WORK REQUIRED
Starting at the first line of the listing below, repeat each line up to and including the one containing "As part of pre-race". Leave out pictures.

SUPPLIED MATERIAL
☆ ☆ ☆ ☆ ☆ ☆ ☆

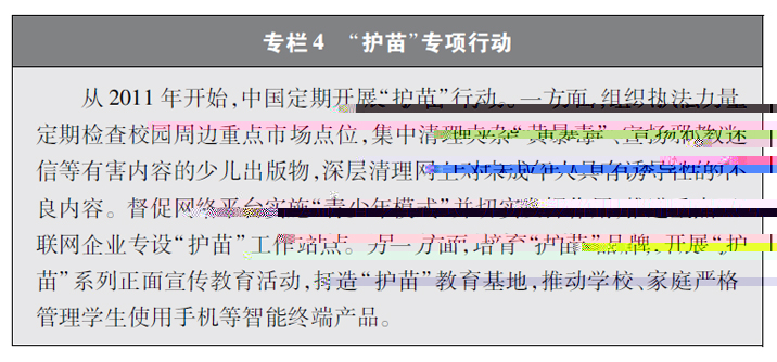 堅持對未成年人優先保護、特殊保護,構建有利于未成年人上網的良好環境。通過開展“護苗”、未成年人網絡環境專項治理等行動,圍繞網絡違法和不良信息、沉迷網絡遊戲、網絡不良社交等問題進行重點整治,淨化未成年人網絡環境。加強未成年人網絡安全教育,依法懲處利用網絡從事危害未成年人身心健康的活動,形成家庭、學校、社會多方位保護合力,營造良好安全的未成年人網絡環境。
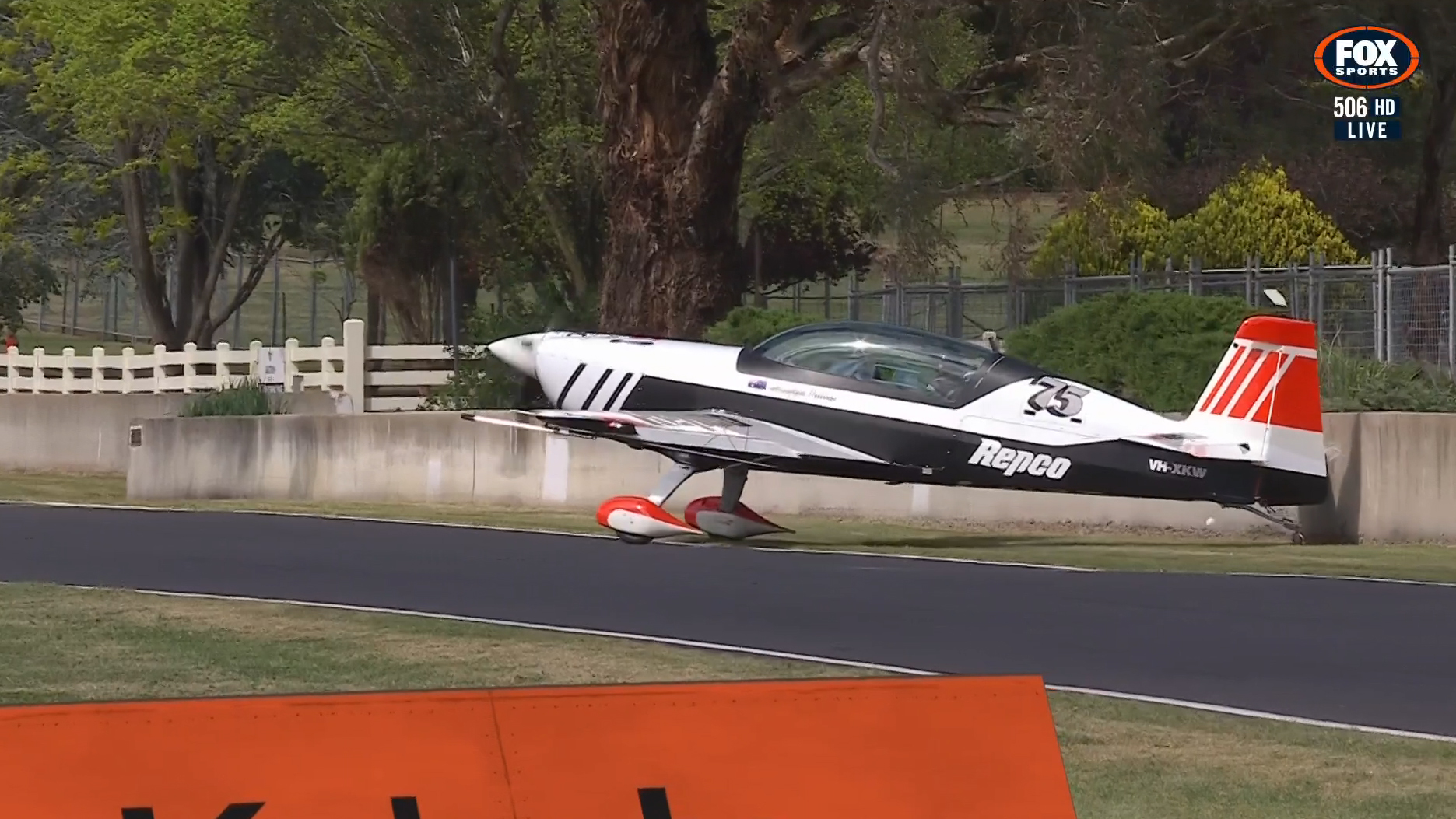 As part of pre-race festivities, the iconic trophy was delivered by plane. It landed on the straight before swivelling around and hitting the wall.
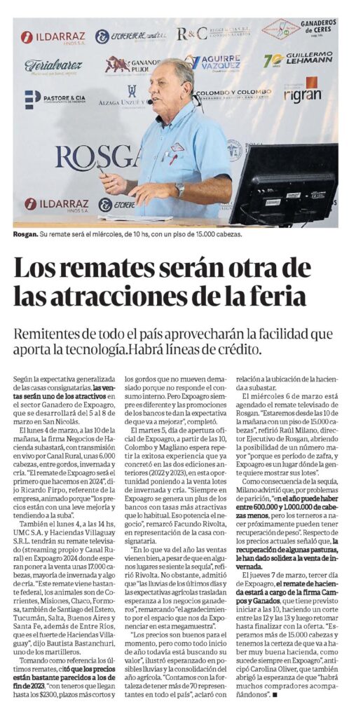 Remitentes de todo el país aprovecharán la facilidad que aporta la tecnología.Habrá líneas de crédito.Rosgan. Su remate será el miércoles, de 10 hs, con un piso de 15.000 cabezas.Según la expectativa generalizada de las casas consignatarias, las ventas serán uno de los atractivos en el sector Ganadero de Expoagro, que se desarrollará del 5 al 8 de marzo en San Nicolás.El lunes 4 de marzo, a las 10 de la mañana, la firma Negocios de Hacienda subastará, con transmisión en vivo por Canal Rural, unas 6.000 cabezas, entre gordos, invernada y cría. «El remate de Expoagro será el primero que hacemos en 2024″, dijo Ricardo Firpo, referente de la empresa, animado porque «los precios están con una leve mejoría y tendiendo a la suba».También el lunes 4, a las 14 hs, UMC S.A. y Haciendas Villaguay S.R.L. tendrán su remate televisado (streaming propio y Canal Rural) en Expoagro 2024 donde esperan poner a la venta unas 17.000 cabezas, mayoría de invernada y algo de cría. «Este remate viene bastante federal, los animales son de Corrientes, Misiones, Chaco, Formosa, también de Santiago del Estero, Tucumán, Salta, Buenos Aires y Santa Fe, además de Entre Ríos, que es el fuerte de Haciendas Villaguay», dijo Bautista Bastanchuri, uno de los martilleros.Tomando como referencia los últimos remates, citó que los precios están bastante parecidos a los de fin de 2023, «con teneros que llegan hasta los $2300, plazos más cortos y los gordos que no mueven demasiado porque no responde el consumo interno. Pero Expoagro siempre es diferente y las promociones de los bancos te dan la expectativa de que va a mejorar», completó.El martes 5, día de apertura oficial de Expoagro, a partir de las 10, Colombo y Magliano espera repetir la exitosa experiencia que ya concretó en las dos ediciones anteriores (2022 y 2023), en esta oportunidad poniendo a la venta lotes de invernada y cría. «Siempre en Expoagro se genera un plus de los bancos con tasas más atractivas que lo habitual. Eso potencia el negocio», remarcó Facundo Rivolta, en representación de la casa consignataria.»En lo que va del año las ventas vienen bien, a pesar de que en algunos lugares se siente la sequía», refirió Rivolta. No obstante, admitió que «las lluvias de los últimos días y las expectativas agrícolas trasladan esperanza a los negocios ganaderos», remarcando «el agradecimiento por el espacio que nos da Exponenciar en esta megamuestra».»Los precios son buenos para el momento, pero como todo inicio de año todavía está buscando su valor», ilustró esperanzado en posibles lluvias y la consolidación del año agrícola. «Contamos con la fortaleza de tener más de 70 representantes en todo el país», aclaró con relación a la ubicación de la hacienda a subastar.El miércoles 6 de marzo está agendado el remate televisado de Rosgan. «Estaremos desde las 10 de la mañana con un piso de 15.000 cabezas», refirió Raúl Milano, director Ejecutivo de Rosgan, abriendo la posibilidad de un número mayor «porque es período de zafra, y Expoagro es un lugar dónde la gente quiere mostrar sus lotes».Como consecuencia de la sequía, Milano advirtió que, por problemas de parición, «en el año puede haber entre 600.000 y 1.000.000 de cabezas menos, pero los terneros a nacer próximamente pueden tener recuperación de peso». Respecto de los precios actuales señaló que, la recuperación de algunas pasturas, le han dado solidez a la venta de invernada.El jueves 7 de marzo, tercer día de Expoagro, el remate de hacienda estará a cargo de la firma Campos y Ganados, que tiene previsto iniciar a las 10, haciendo un corte entre las 12 y las 13 y luego retomar hasta finalizar con la oferta. «Esperamos más de 15.000 cabezas y tenemos la certeza de que va a haber muy buena hacienda, como sucede siempre en Expoagro«, anticipó Carolina Oliver, que también abrigó la esperanza de que «habrá muchos compradores acompañándonos».
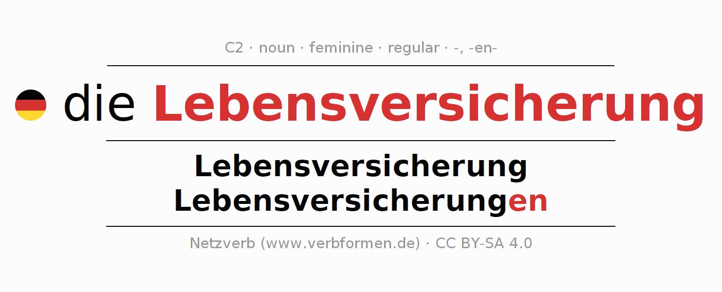 - Singular: die Lebensversicherung, der Lebensversicherung, der Lebensversicherung, die Lebensversicherung

☆ ☆ ☆ ☆ ☆ ☆ ☆

ANSWER AREA
 堅持對未成年人優先保護、特殊保護,構建有利于未成年人上網的良好環境。通過開展“護苗”、未成年人網絡環境專項治理等行動,圍繞網絡違法和不良信息、沉迷網絡遊戲、網絡不良社交等問題進行重點整治,淨化未成年人網絡環境。加強未成年人網絡安全教育,依法懲處利用網絡從事危害未成年人身心健康的活動,形成家庭、學校、社會多方位保護合力,營造良好安全的未成年人網絡環境。
 As part of pre-race festivities, the iconic trophy was delivered by plane. It landed on the straight before swivelling around and hitting the wall.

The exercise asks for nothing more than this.